------ PROVIDED DATA ------
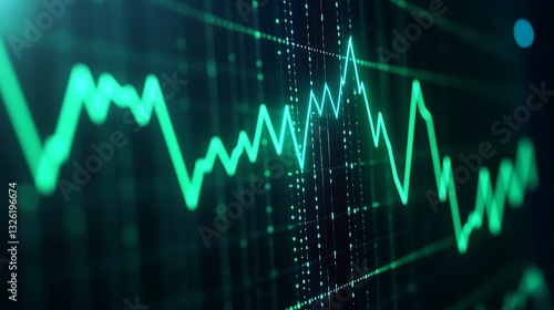Green Line Graph Displaying Fluctuating Data Trends on Dark Background for Business and Finance Analysis
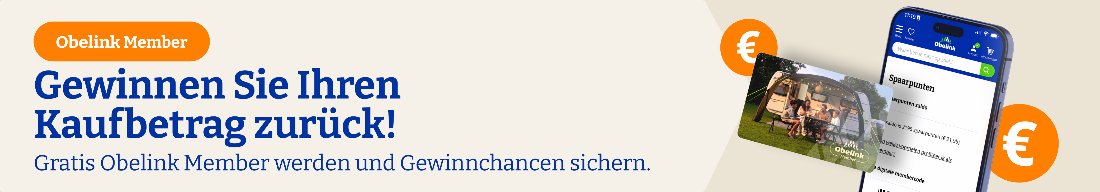 - Nur Produkte, die im Zeitraum vom 1. Oktober 2025 bis zum 31. Dezember 2025 über obelink.de oder in unserem Megastore in Winterswijk mit einer registrierten Membercard oder einem registrierten Membercode gekauft wurden, nehmen an der Verlosung teil. Membercard oder - Code und Newsletter-Abonnement müssen unter derselben E-Mail-Adresse registriert sein.
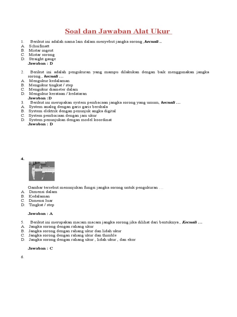 Contoh soal jangka sorong dan jawabannya biar anda lebih paham tentang jangka sorong di bawah ini sudah kami kumpulkan beberapa contoh soal jangka sorong beserta jawaban dan pembahasannya. Terdapat dua pasang rahang yakni sepasang rahang luar atau rahang bawah untuk mengukur jarak pengukur utama dan sepasang rahang dalam atau rahang atas untuk mengukur diameter dalam contohnya mengukur diameter dalam pada cincin. Besarnya hasil pengukuran adalah a. Inilah pembahasan selengkapnya mengenai contoh soal jangka sorong dan jawabannya.
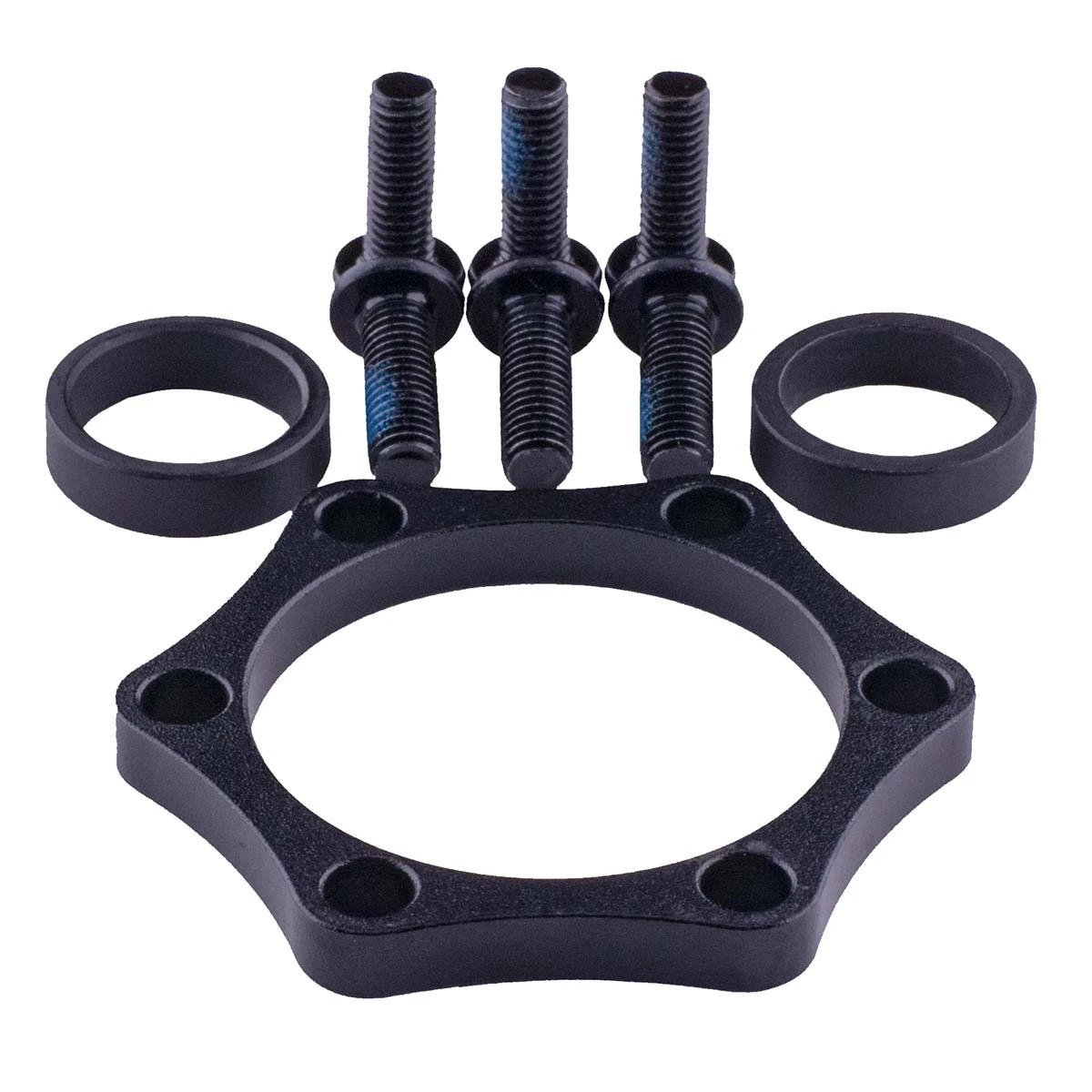 Set voor het verbreden van een klassieke naaf (15 x 100 mm) naar de Boost standaard (15 x 110 mm). De set bevat twee afstandsbusjes van elk 5 mm om de as te verbreden, een 5 mm adapterplaatje voor de remschijf en 6 stuks lange remschijfbouten (M5 x 15).
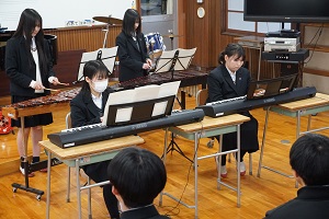 限られた授業の中でメンバーと話し合いながら構成や曲を考えるところからスタートした発表会。昼休みや放課後を使い、自主的に練習をしている姿も見られました。
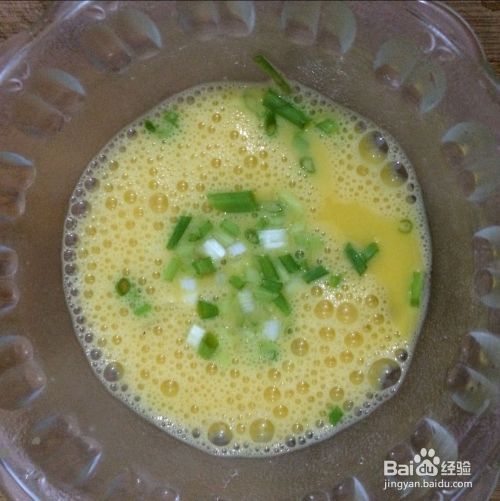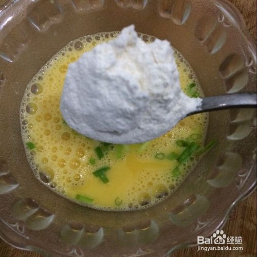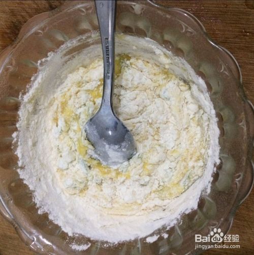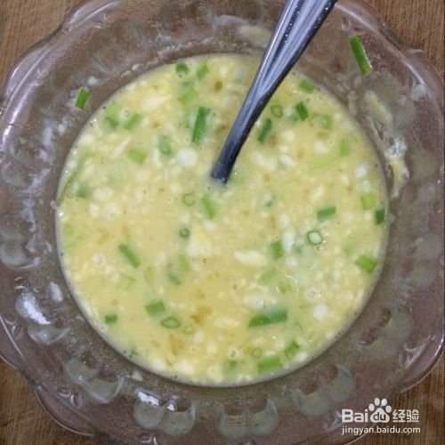 面粉一勺倒入鸡蛋液里,放盐和水调匀。把面粉里面的疙瘩全部压撒。
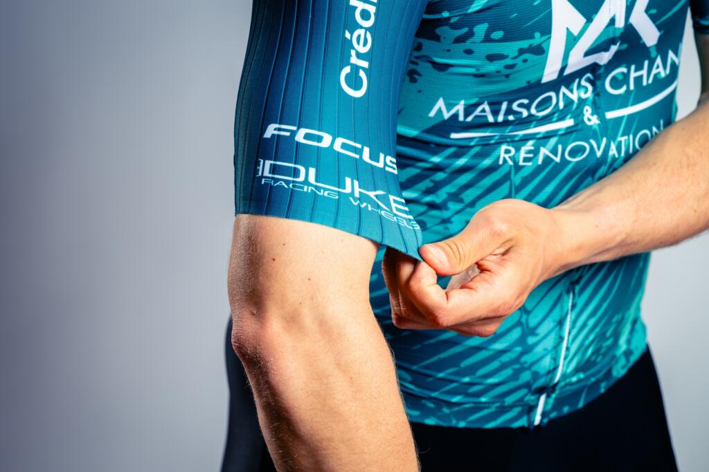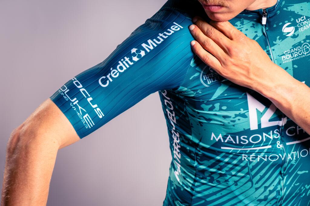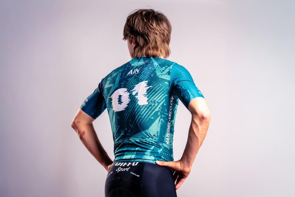 Après une refonte totale en 2025, la tenue 2026 évolue avec subtilité. Le vert du maillot et le noir du cuissard, couleurs historiques du blason de la ville de Bourg-en-Bresse, demeurent au cœur d’un design moderne, épuré et monochrome. Dans le dos, la pastille « 01 » massive affirme une nouvelle fois l’ancrage territorial du projet en entier : ici, c’est l’Ain.
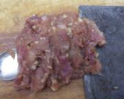 <br/>鸡脯肉加姜剁成肉馅。 加入生抽,盐姜,盐继续剁一会,馅少,就不必沾碗直接放菜板调馅。</li></ul><ul><li>4
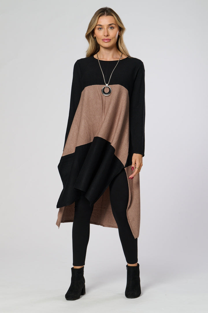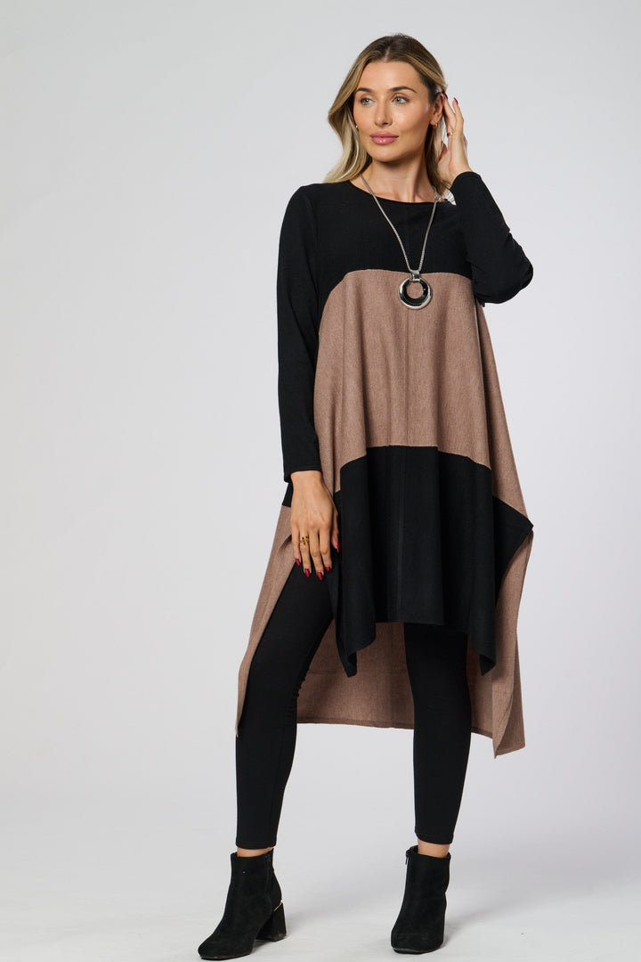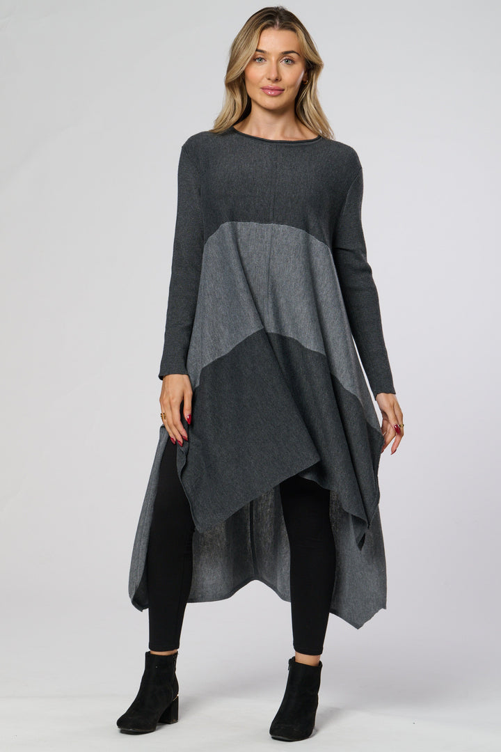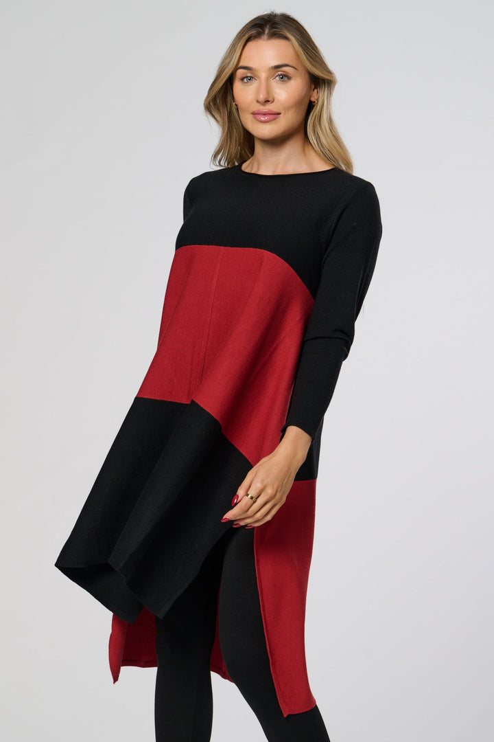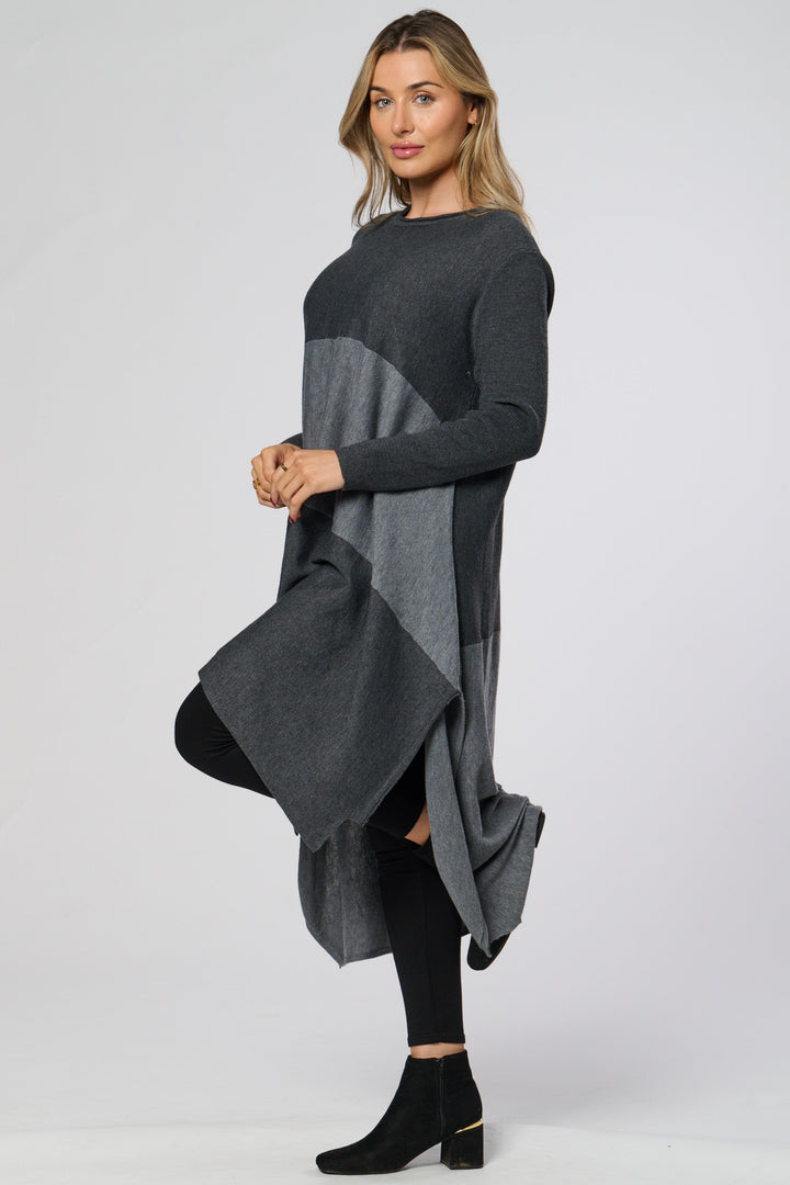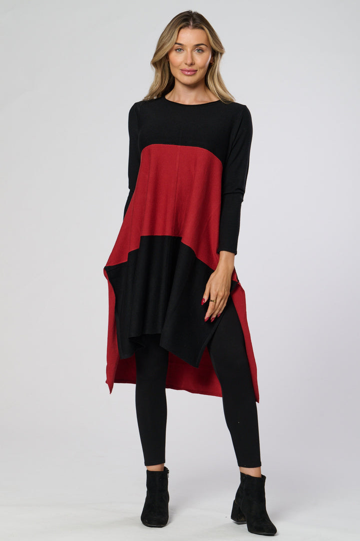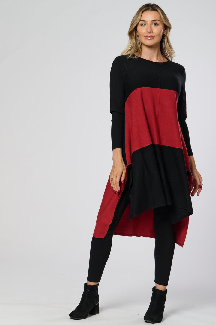Long, block stripe knitted dress featuring long sleeves and high-low hemline.
------
▶ _WHAT YOU NEED TO DO_
Could you write out the whole listing exactly, skipping every picture?

▶ _PROBLEM SOLUTION_
Green Line Graph Displaying Fluctuating Data Trends on Dark Background for Business and Finance Analysis
 - Nur Produkte, die im Zeitraum vom 1. Oktober 2025 bis zum 31. Dezember 2025 über obelink.de oder in unserem Megastore in Winterswijk mit einer registrierten Membercard oder einem registrierten Membercode gekauft wurden, nehmen an der Verlosung teil. Membercard oder - Code und Newsletter-Abonnement müssen unter derselben E-Mail-Adresse registriert sein.
 Contoh soal jangka sorong dan jawabannya biar anda lebih paham tentang jangka sorong di bawah ini sudah kami kumpulkan beberapa contoh soal jangka sorong beserta jawaban dan pembahasannya. Terdapat dua pasang rahang yakni sepasang rahang luar atau rahang bawah untuk mengukur jarak pengukur utama dan sepasang rahang dalam atau rahang atas untuk mengukur diameter dalam contohnya mengukur diameter dalam pada cincin. Besarnya hasil pengukuran adalah a. Inilah pembahasan selengkapnya mengenai contoh soal jangka sorong dan jawabannya.
 Set voor het verbreden van een klassieke naaf (15 x 100 mm) naar de Boost standaard (15 x 110 mm). De set bevat twee afstandsbusjes van elk 5 mm om de as te verbreden, een 5 mm adapterplaatje voor de remschijf en 6 stuks lange remschijfbouten (M5 x 15).
 限られた授業の中でメンバーと話し合いながら構成や曲を考えるところからスタートした発表会。昼休みや放課後を使い、自主的に練習をしている姿も見られました。
 面粉一勺倒入鸡蛋液里,放盐和水调匀。把面粉里面的疙瘩全部压撒。
 Après une refonte totale en 2025, la tenue 2026 évolue avec subtilité. Le vert du maillot et le noir du cuissard, couleurs historiques du blason de la ville de Bourg-en-Bresse, demeurent au cœur d’un design moderne, épuré et monochrome. Dans le dos, la pastille « 01 » massive affirme une nouvelle fois l’ancrage territorial du projet en entier : ici, c’est l’Ain.
 <br/>鸡脯肉加姜剁成肉馅。 加入生抽,盐姜,盐继续剁一会,馅少,就不必沾碗直接放菜板调馅。</li></ul><ul><li>4
Long, block stripe knitted dress featuring long sleeves and high-low hemline.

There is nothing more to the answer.